Each record below is to be output unchanged, and any picture is to be dropped.
*** Begin section ***
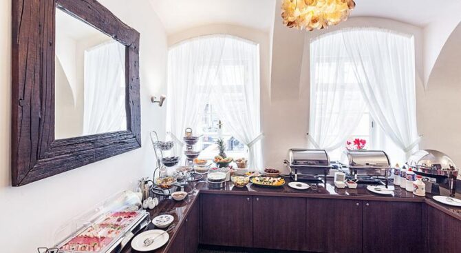 The hotel serves a buffet breakfast, however, if you want to have a snack outside the hotel, you will always find a café or restaurant to your liking nearby, because in the center of Prague there are a lot of them.
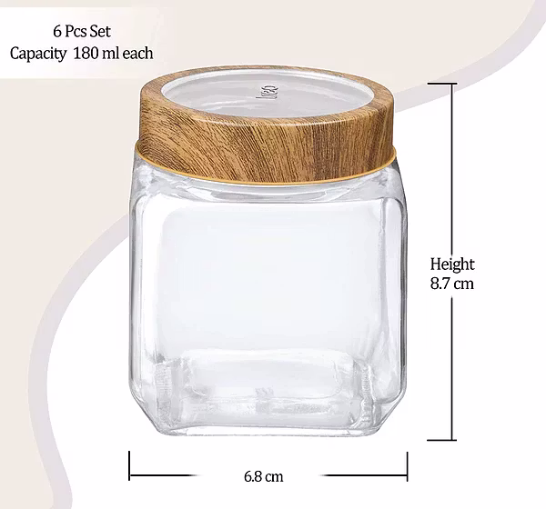 Keep your kitchen neat and stylish with the Treo Square Glass Jar, featuring a compact 320ml capacity and a trendy wooden finish airtight lid. Perfect for storing spices, tea, sugar, dry fruits, and small snacks while keeping them fresh and easily accessible
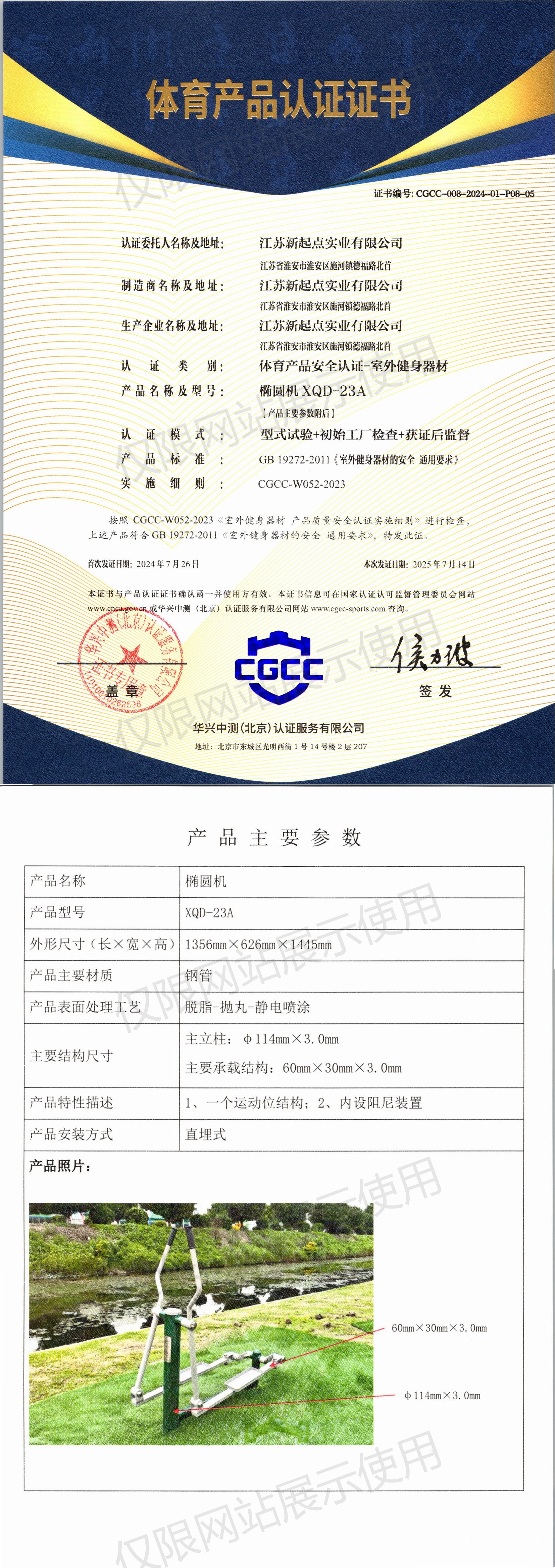 | 6 | 江苏新起点实业有限公司 | CGCC-008-2024-01-P08-06 | 智能双位椭圆机 | XQD-05AI | 江苏省淮安市淮安区施河镇德福路北首 | GB19272-2024 | 2024-07-26 | 有效 | 查看 |
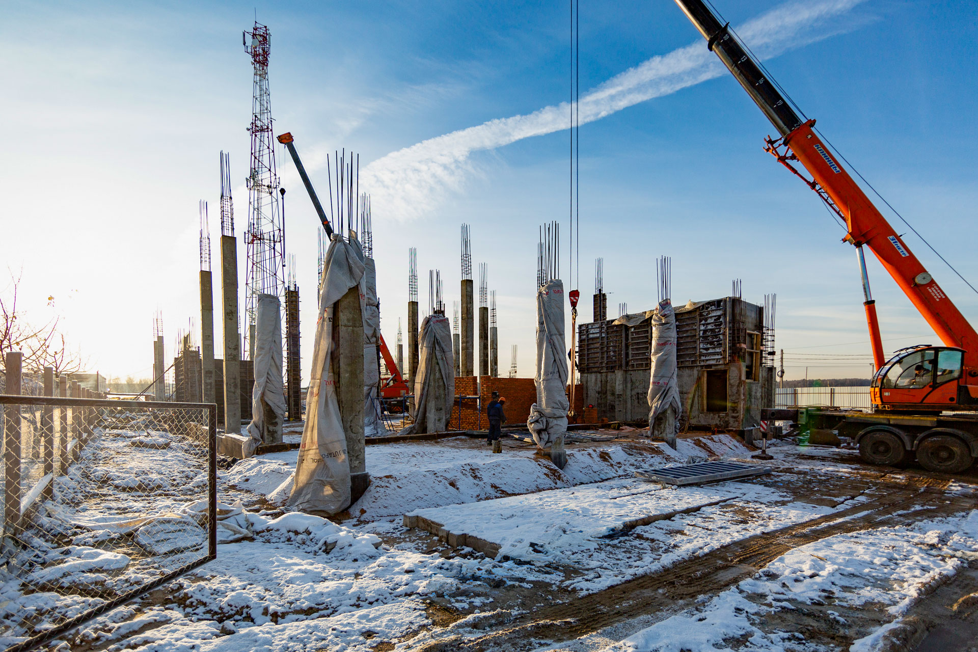 Монтаж стеновых сэндвич-панелей и нащельников. Возведение кирпичного парапета. Устройство кровельного пирога. Армирование, бетонирование и гидроизоляция подпорных стен пруда. Разработка котлована под резервуар пожаротушения. Кирпичная кладка стен котельной. Армирование и бетонирование плит пола и перекрытия котельной. Шлифовка бетонных поверхностей стен и перекрытий.
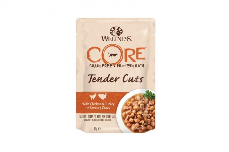 وصفات ويلنس كور عبارة عن قطع طرية طبيعية من الدواجن أو المأكولات البحرية خالية من الحبوب، مع الخضار والفواكه الصحية بما في ذلك الجزر والبطاطا الحلوة
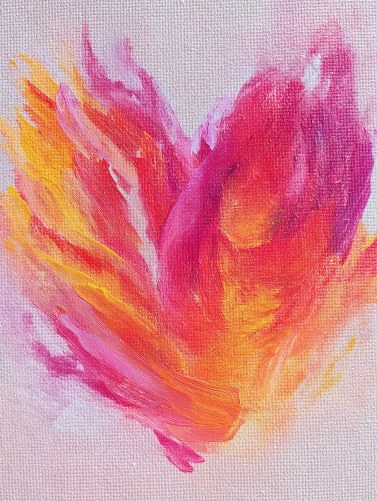 This vibrant piece features a bold and expressive heart shape composed of energetic upward sweeps of color. Brilliant shades of magenta, fiery orange, and sunny yellow blend together through thick and visible brush strokes that give the design a sense of warmth and movement. The composition is centered against a soft and airy pale pink background, which allows the intense hues of the heart to take center stage. The overall layout feels light and modern with an emphasis on texture and raw emotion rather than perfect lines.
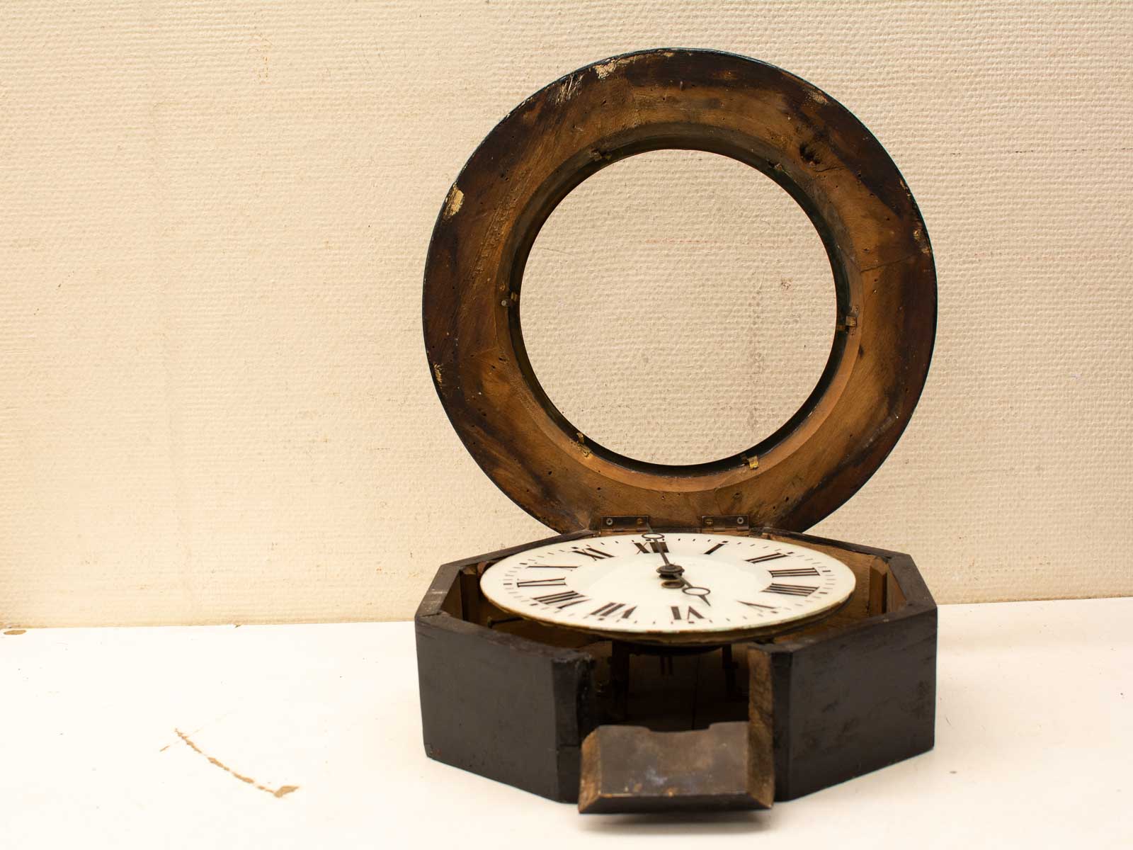 er zit geen glas meer voor er zit geen sleutelbij de klok is loop of sloop diameter voorkant met de hout gemeten 38 cm
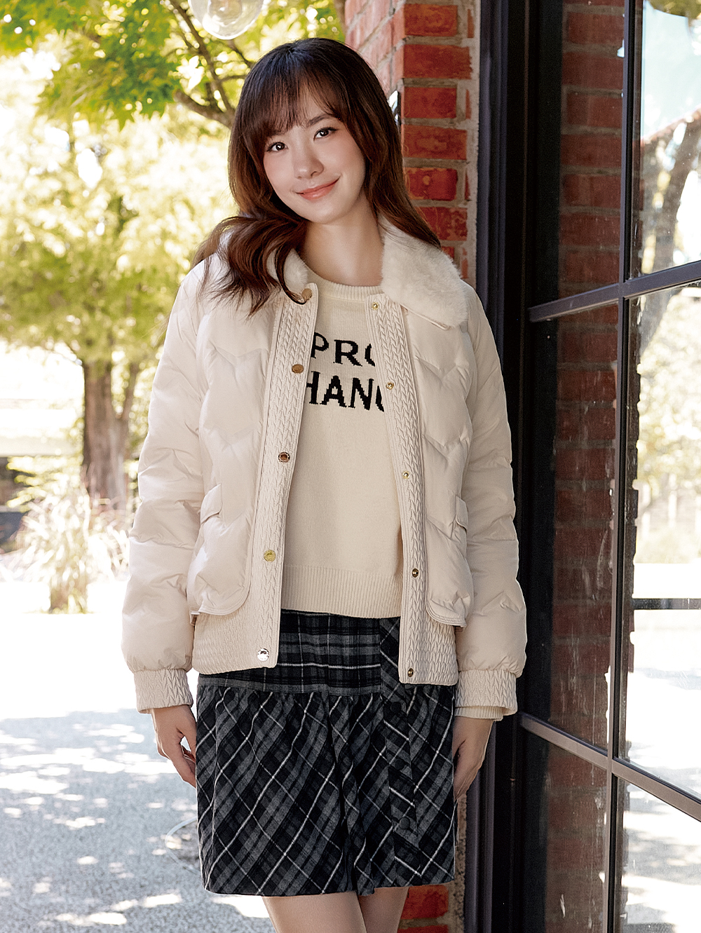 DITA絎縫襯衫領羽絨外套
*** End section ***
--- SOLUTION TO THIS TASK ---
 The hotel serves a buffet breakfast, however, if you want to have a snack outside the hotel, you will always find a café or restaurant to your liking nearby, because in the center of Prague there are a lot of them.
 Keep your kitchen neat and stylish with the Treo Square Glass Jar, featuring a compact 320ml capacity and a trendy wooden finish airtight lid. Perfect for storing spices, tea, sugar, dry fruits, and small snacks while keeping them fresh and easily accessible
 | 6 | 江苏新起点实业有限公司 | CGCC-008-2024-01-P08-06 | 智能双位椭圆机 | XQD-05AI | 江苏省淮安市淮安区施河镇德福路北首 | GB19272-2024 | 2024-07-26 | 有效 | 查看 |
 Монтаж стеновых сэндвич-панелей и нащельников. Возведение кирпичного парапета. Устройство кровельного пирога. Армирование, бетонирование и гидроизоляция подпорных стен пруда. Разработка котлована под резервуар пожаротушения. Кирпичная кладка стен котельной. Армирование и бетонирование плит пола и перекрытия котельной. Шлифовка бетонных поверхностей стен и перекрытий.
 وصفات ويلنس كور عبارة عن قطع طرية طبيعية من الدواجن أو المأكولات البحرية خالية من الحبوب، مع الخضار والفواكه الصحية بما في ذلك الجزر والبطاطا الحلوة
 This vibrant piece features a bold and expressive heart shape composed of energetic upward sweeps of color. Brilliant shades of magenta, fiery orange, and sunny yellow blend together through thick and visible brush strokes that give the design a sense of warmth and movement. The composition is centered against a soft and airy pale pink background, which allows the intense hues of the heart to take center stage. The overall layout feels light and modern with an emphasis on texture and raw emotion rather than perfect lines.
 er zit geen glas meer voor er zit geen sleutelbij de klok is loop of sloop diameter voorkant met de hout gemeten 38 cm
 DITA絎縫襯衫領羽絨外套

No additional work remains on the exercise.